Надоело быть жертвой? Стань профи по информационной безопасности, получай самую свежую информацию об угрозах и средствах защиты от ведущего российского аналитического центра Anti-Malware.ru:

----------


## MVE

> При проведении испытаний экспертов удивила ярко выраженная неспособность некоторых антивирусов справляться с тяжелыми сценариями атак.


Не удивительно.

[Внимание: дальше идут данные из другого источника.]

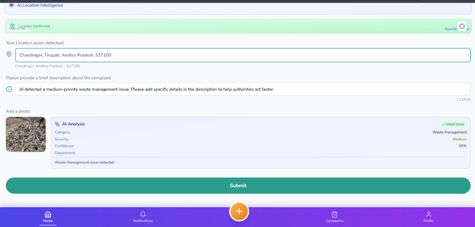 - Detects category: Road, Water, Electricity, Sanitation, Public Safety

Тестировать антивирус на стандартных настройках - это все равно, что тестировать суперкар на дороге с ограничением скорости.

----------


## ALEX(XX)

> Тестировать антивирус на стандартных настройках


С нестандартными не особо лучше  :Smiley:

----------


## sasha2

Странно Kaspersky IS в районе от  80 до 90% , а Kaspersky 6 в районе от90 до 100%.Получается  лучше ставить Kaspersky WKS 6 ?

----------


## Br0m

> Странно Kaspersky IS в районе от  80 до 90% , а Kaspersky 6 в районе от90 до 100%.Получается  лучше ставить Kaspersky WKS 6 ?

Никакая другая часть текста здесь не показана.